You're saying that language is an intelligence?

So, c++ is intelliengece as well?

It's an intelligence that can independently make deductions and create new ideas?

pastel8739|4 months ago

And even then, the light hitting our human eyes only describes a fraction of all the light in the world (e.g. it is missing ultraviolet patterns on plants). An LLM model of the world is shaped by our human view on the world.

StopDisinfo910|4 months ago

Entities equiped with two limited light sensitive captors encode through a network of carbon based chemical emitters a representation of what its flawed vision system manages to grasp biased towards self preservation.

What's the real world? I'm still puzzled by this reaction I see to LLM, not because I think LLM are undervalued, because most people seem to significantly overestimate what is human intelligence.

wan23|4 months ago

Photons reflected off of objects are not the actual objects. I wouldn't go so far as to say that sensing these is a particularly special way to know about things compared to hearing or reading about them.
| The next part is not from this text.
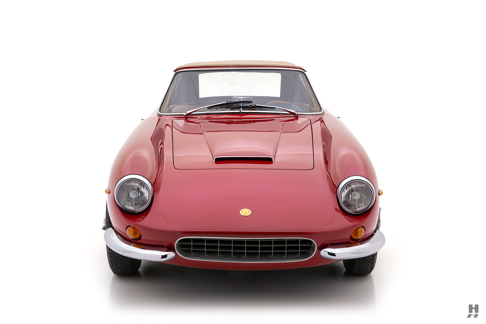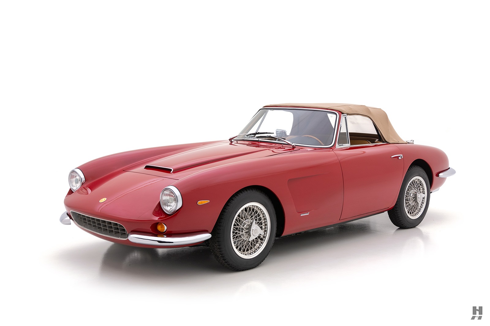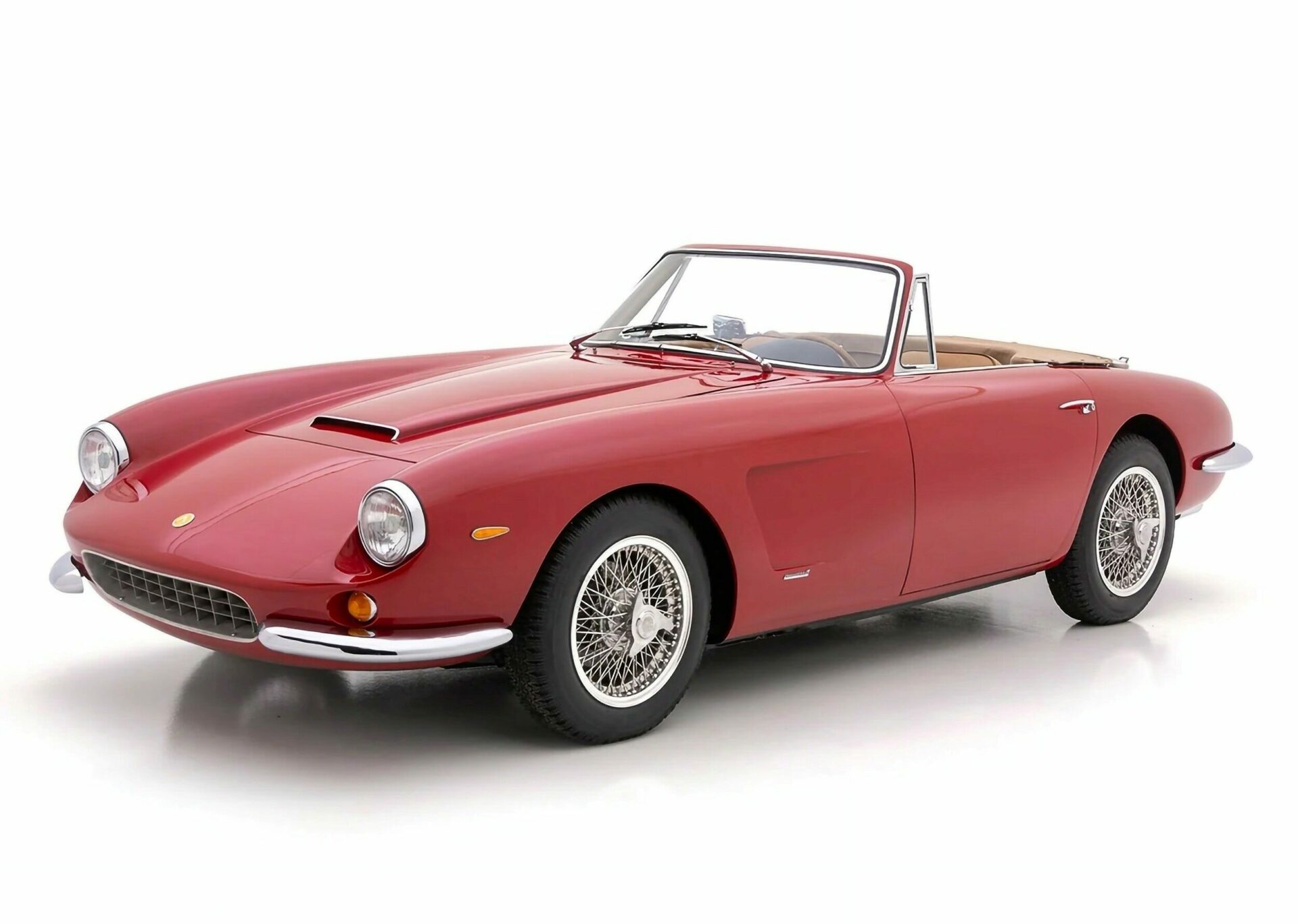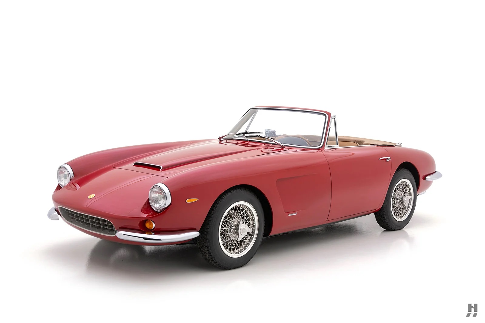 Les cabriolets se distinguaient par leurs ailes avant ventilées, améliorant le design déjà magnifique. Le chrome est utilisé avec parcimonie sur l’Apollo, principalement sur les pare-chocs et les garnitures de phares, qui sont tous en excellent état. Les détails appropriés incluent des phares Carello d’époque, des roues à fil Borrani 5 x 400 polies (estampillées RW 3796 tout autour), chaussées des pneus Pirelli Cinturato 165 x 400 corrects, un remplisseur de carburant de style Monza et des badges Carrozzeria IM discrets sur les flancs.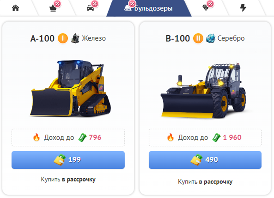 Чтобы купить бульдозер, откройте страницу «Купить бульдозер». В игре существует 5 уровней моделей бульдозеров. Чем выше уровень модели бульдозера, тем более ценную руду он может добывать: A-100 (1 уровень) — железо, B-100 (2 уровень) — серебро, C-100 (3 уровень) — платина, S-100 (4 уровень) — золото, T-100 (5 уровень) — палладий.

Further, many humans do not sense photons yet seem to manage to have perfectly fine working world models.

manoDev|4 months ago

That’s a good definition: it’s a model of a model.

It seems the debate seems to center around whether language models are meta-models (in the category sense) or mere encodings (information theory)?

bckr|4 months ago

> Its "world model" is several degrees removed from the real world.

Like insects that weave tokens

dustingetz|4 months ago

what does it mean to “generate thoughts”, exactly?

tsunamifury|4 months ago

Hahahaha I can’t believe you entirely missed the irony here that humans spend all day looking at screens doing the same thing.